6 Unforgettable Movie Mothers and the Real Moms They Depicted

Some women are more extraordinary than others. They raise children, start businesses and schools, write books, and even advise kings and presidents. A few get their life stories turned into movies, but sometimes a bit of truth gets lost along the way. As Mother's Day approaches, let's look at six mothers who were immortalized in film.
1. The Movie: Cheaper by the Dozen (1950)
Cheaper By The Dozen was based on the book of the same name by two of Frank Bunker Gilbreth and Lillian Moller Gilbreth's twelve children. The couple were efficiency experts who often tried out their theories on their children. The movie was a series of comedic anecdotes starring Clifton Webb and Myrna Loy. The mother's role was not developed as much as it could have been; the movie focused more on the father and his relationship with his children. A sequel released in 1952 was entitled Bells on Their Toes. A remake in 2003 had nothing in common with the original except for the title.
The Mother: Lillian Moller Gilbreth
Lillian Moller Gilbreth was an engineer and an industrial psychologist who was known as "the mother of modern management". She achieved a master's degree in literature and a doctorate in psychology (by which time she already had four children). She and her husband (who never went to college) studied scientific management principles and time studies. While Frank concentrated on worker efficiency, Lillian explored the effects of incentives, job satisfaction, stress, and fatigue on workers. Did I mention she raised twelve children? After Frank's death, she became the first female professor in the engineering school at Purdue University. Lillian Moller Gilbreth continued to work up into her eighties; she wrote books, lectured, and even served as a consultant to five presidents on various issues. She was 93 when she died in 1973.
2. The Movie: The King and I (1956)
The musical The King and I was based on the Rodgers and Hammerstein Broadway production of the same name, which was based on the book Anna and the King of Siam by Margaret Landon. That book was based in turn on the 1870 book The English Governess at the Siamese Court by Anna Leonowens. The story revolves around Leonowens (Deborah Kerr), who takes a position in the palace of King Mongkut (Yul Brynner) of Siam in the mid 19th century. She was employed as a teacher for the king's many wives and children. In the movie, she sang and danced with the king and brought enlightenment to a backward country. A 1946 film, Anna and the King of Siam was based on the same story, as well as the the 1999 film Anna and the King. All these movies are banned in Thailand as being disrespectful to the king.

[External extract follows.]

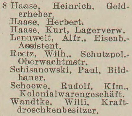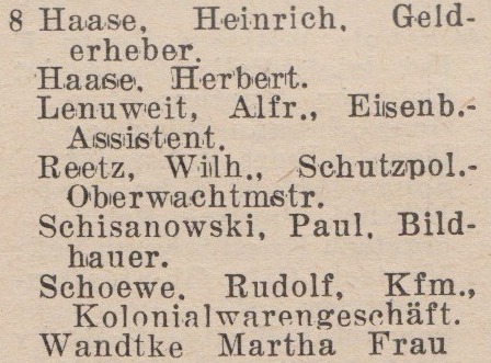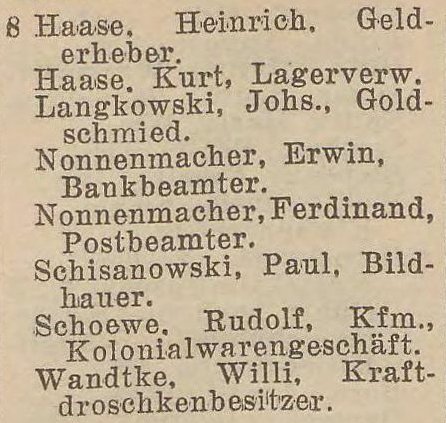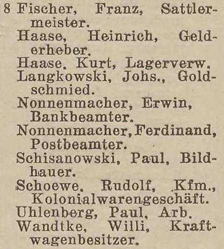 W latach 1929-1939 właścicielem budynków nr 1-2 oraz 8-11 (1942) był Wilhelm Werner.

The Mother: Anna Leonowens
Anna Harriette Edwards Leonowens was born in India in 1831. She hid the fact that one of her grandparents was Indian; the rest of her ancestors were British. She had four children (two who died in infancy) with her husband Thomas Leonowens. By the time Thomas died in 1859, Anna had already founded schools in both Australia and Singapore. To support her daughter and son, she accepted a job teaching the 39 wives and 82 children of King Mongkut in 1862. Leonowens took her young son with her and sent her daughter to school in England. She served the king until his death in 1868. Leonowens moved to New York where she wrote travel articles and worked on her book. She then moved on to Canada where she founded the Nova Scotia College of Art and Design and later retired to live in Montreal. Leonowens was a crusader for women's rights and women's education until she died in 1915. Some say that her adventures in Siam were somewhat exaggerated, or possibly made up of whole cloth, but one of her students, Mongkut's successor King Chulalongkorn made many reforms including beginning the process to abolish slavery in Siam.

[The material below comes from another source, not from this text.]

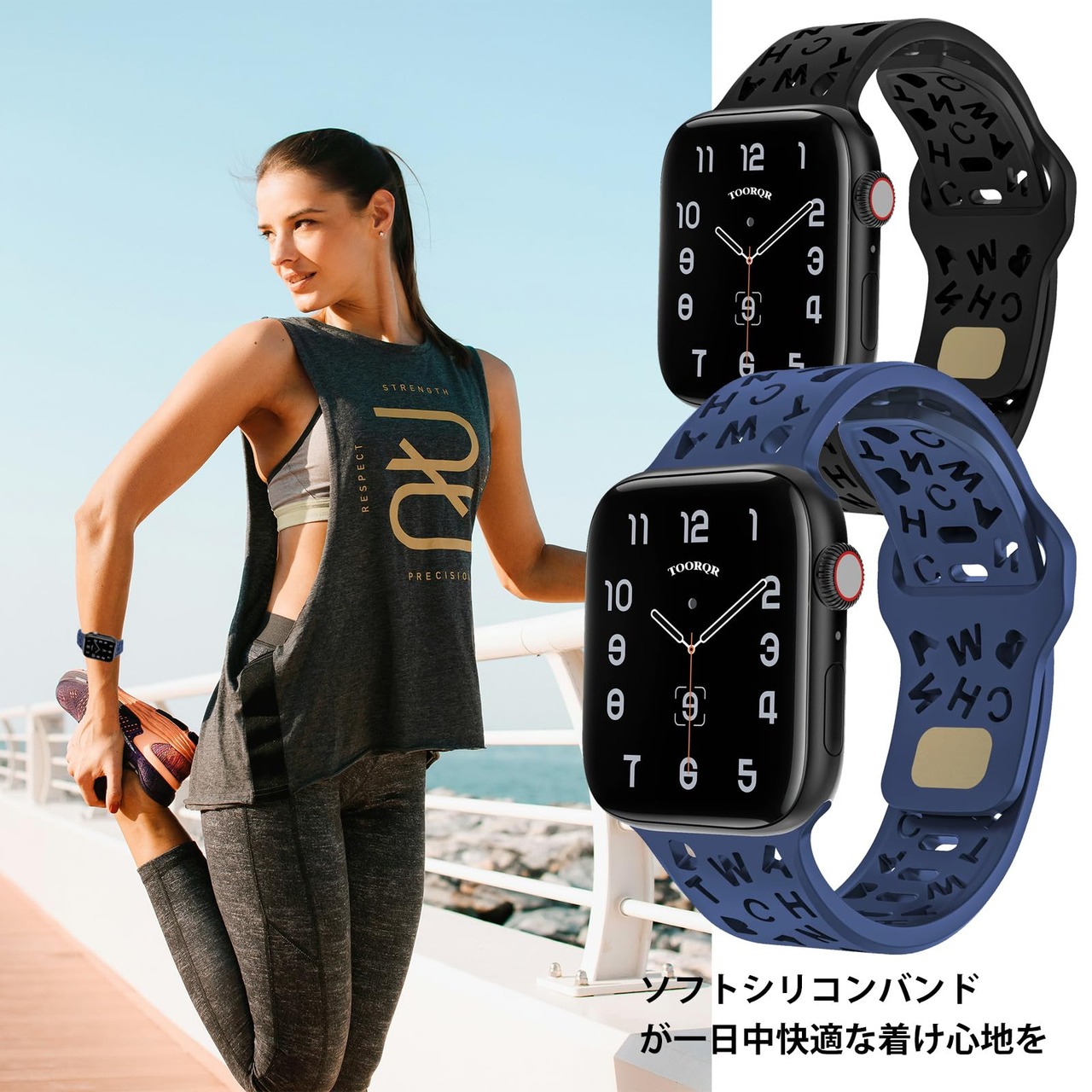 TOORQR コンパチブル iWatch バンド アップルウォッチ バンド 英字スタイルの中空デザインシリコン製のApple Watch ベルト 49mm 46mm 45mm 44mm 42mm 41mm 40mm 38mm 通気 シリコン交換ベルト 防汗 防水 Ultra2/Ultra 10 9 8 7 6 5 4 3 2 1 SE に対応 (49/46/45/44/42mm,ブラック)

3. The Movie: Yours, Mine, and Ours (1968)
How's this for a movie plot: a widow (Lucille Ball) with eight children falls in love with a widower (Henry Fonda) who has ten children. Yours, Mine, and Ours begins with a cute courtship in which neither mentioned how many children they have until they had already fallen in love, advances through the difficulties of blending 20 people into one family, and ends with the birth of a 19th child and the oldest leaving home. It was one of the top-grossing movies of 1968. A 2005 remake was even further fictionalized.
The Mother: Helen North Beardsley
Helen North married Frank Beardsley in 1961. They began corresponding to offer grief support to each other after their spouses died. There was no attempt to hide how many children they had from each other. After they married, they moved into Frank's home, which had to be expanded to eight bedrooms and five bathrooms. Unlike the movie, the children liked their stepparents and step-siblings from the beginning and even encouraged Helen and Frank to marry. The Beardsleys, both devout Catholics, had two more children together for a total of twenty. After Frank retired from the Navy, the family opened three bakeries. Helen Beardsley died in 2000. At the time of her death, she had 44 grandchildren and 2 great-grandchildren. Helen Beardsley wrote a book about her family, Who Gets the Drumstick in 1965.
4. The Movie: Mommie Dearest (1981)
The movie Mommie Dearest was based on the 1978 book by Christina Crawford, the daughter of Joan Crawford. Movie star Crawford, portrayed by Faye Dunaway, adopts a baby girl and then a boy and treats them cruelly. Crawford is obsessed with appearances and will not tolerate children acting like children when there are movies, photo shoots, and parties to deal with. As Crawford's career declines, she becomes more abusive to (and even competitive with) her daughter. Although a commercial success, the movie was critically panned.
The Mother: Joan Crawford
Joan Crawford entered show business in 1923 and worked until 1972. Crawford adopted a total of four children, ending with a set of twins in 1947. All four children were eventually sent to boarding schools. When Crawford died in 1977, she deliberately excluded Christina and her brother Christopher from her will. A year later, Christina's book was published. Some of Crawford's friends claimed the story was not true, but many conceded that Crawford's obsessive-compulsive behavior and bad temper were real.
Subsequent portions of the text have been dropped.